Private information retrieval (PIR) schemes are cryptographic protocols designed to safeguard the privacy of database users. They allow clients to retrieve records from public databases while completely hiding the identity of the retrieved records from database owners. The possibility of retrieving database records without revealing their identities to the owner of the database may seem beyond hope. Note, however, that a trivial solution is available: When users want a single record, they can ask for a copy of the whole database. This solution involves enormous communication overhead and is likely to be unacceptable. It turns out⁷ that for users who want to keep their privacy fully protected (in the “information-theoretic” sense), this trivial solution is optimal.

Fortunately, the negative result applies only to databases stored on a single server, rather than those replicated across several servers. In 1995, Chor et al.⁷ came up with PIR schemes that enable private retrieval of records from replicated databases, with a non-trivially small amount of communication. In such protocols, users query each server holding the database. The protocol ensures that each individual server (by observing only the query it receives) gets no information about the identity of the items of user interest. Chor et al’s seminal paper⁷ triggered an important and extensive body of follow-up work.^{1, 3, 4, 8, 12, 18, 21, 23, 24}

Computational PIR. PIR schemes discussed here are often called “information theoretic” because they provide an absolute guarantee that each server participating in protocol execution gets no information about what users are after. PIR has also been studied in a computational setting.^{6, 10, 15, 16} Computational PIR schemes are similar to their information-theoretic counterparts but provide a weaker guarantee. Specifically, they ensure only that a server cannot get any information about user intent unless it solves a certain computationally hard problem (such as factoring a large random integer).
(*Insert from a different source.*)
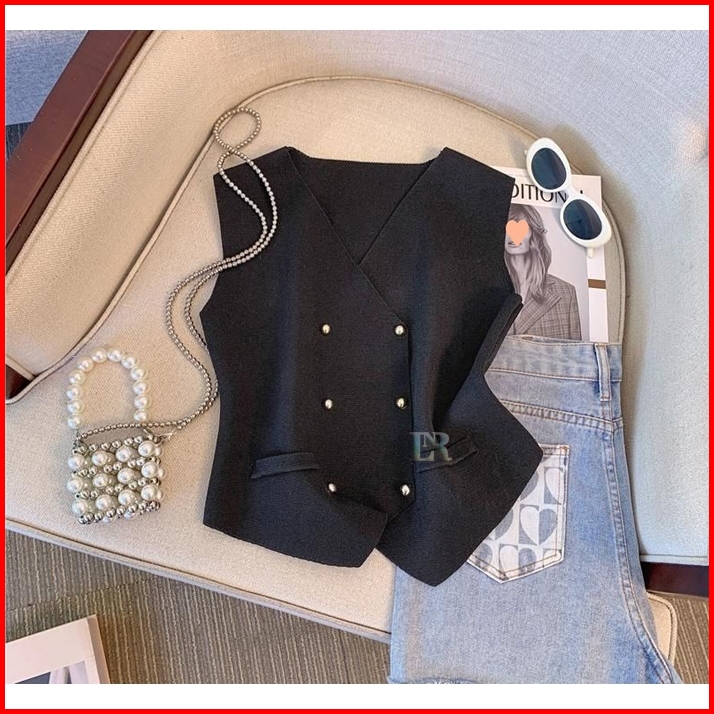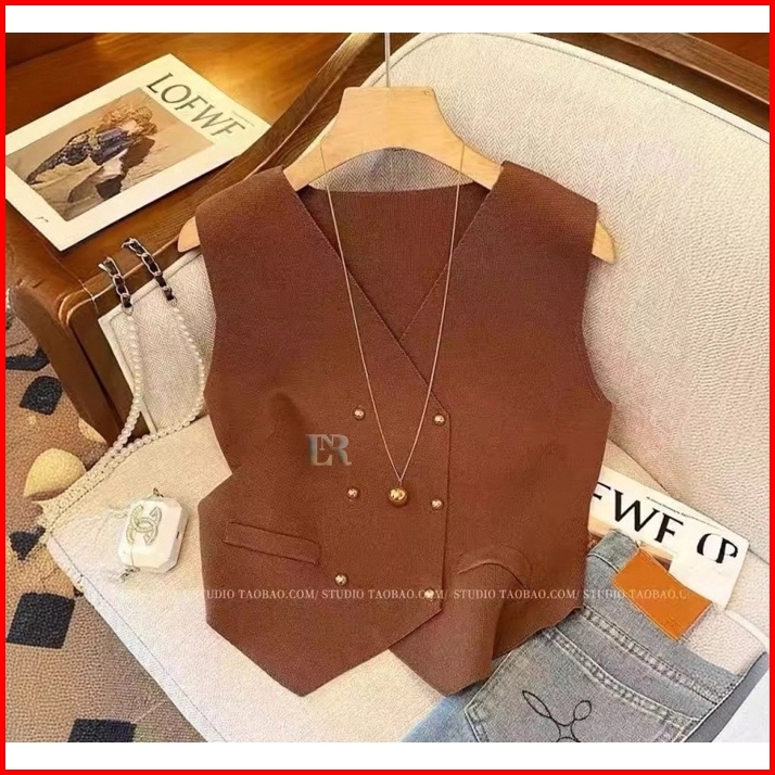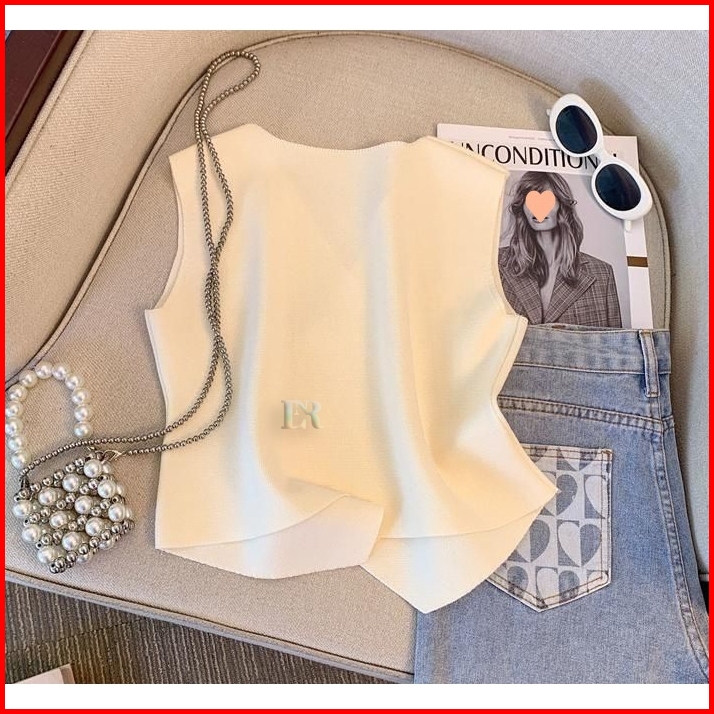 Lnr Shop Atasan Vest Rompi Rajut Full Kancing Bahan Halus Lembut Untuk Perempuan Tanpa Lengan Import Basic Elegant Kaos

Providing privacy or security guarantees based on computational hardness assumptions is common in modern cryptography. In contrast to information-theoretic PIR schemes, computational PIR protocols with low communication overhead exist (under standard assumptions), even when a database is stored on a single server (see the figure here). However, for typical real-life parameters, known computational protocols are less efficient than known information-theoretic ones.
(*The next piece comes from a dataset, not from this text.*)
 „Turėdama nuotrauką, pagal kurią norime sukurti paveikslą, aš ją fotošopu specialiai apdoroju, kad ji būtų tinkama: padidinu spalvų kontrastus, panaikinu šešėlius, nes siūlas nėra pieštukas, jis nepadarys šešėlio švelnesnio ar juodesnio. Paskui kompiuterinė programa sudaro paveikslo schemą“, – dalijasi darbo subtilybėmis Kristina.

Locally decodable codes. PIR schemes are intimately related to a special class of error-correcting codes called “locally decodable codes,” or LDCs, that, on their own, are objects of interest. All recent constructions of information-theoretic PIR schemes work by first constructing LDCs, then converting them to PIRs.

Error-correcting codes help ensure reliable transmission of information over noisy channels, as well as reliable storage of information on a medium that may be partially corrupted over time or whose reading device is subject to errors. Such codes allow one to add redundancy, or bit strings, to messages, encoding them into longer bit strings, called “codewords,” in a way that the message can still be recovered even if a certain fraction of the codeword bits are corrupted. In typical applications of error-correcting codes the message is first partitioned into small blocks, each of which is then encoded separately. This encoding strategy allows efficient random-access retrieval of the information, since one must decode only the portion of data in which one is interested. Unfortunately, this strategy yields poor noise resilience, since, when even a single block (out of possibly tens of thousands) is completely corrupted, some information is lost. In view of this limitation it would seem preferable to encode the whole message into a single codeword of an error-correcting code. Such a solution improves the robustness to noise but is hardly satisfactory, since one needs to look at the whole codeword in order to recover any particular bit of the message (at least when using classical error-correcting codes). Such decoding complexity is prohibitive for today’s massive data sets.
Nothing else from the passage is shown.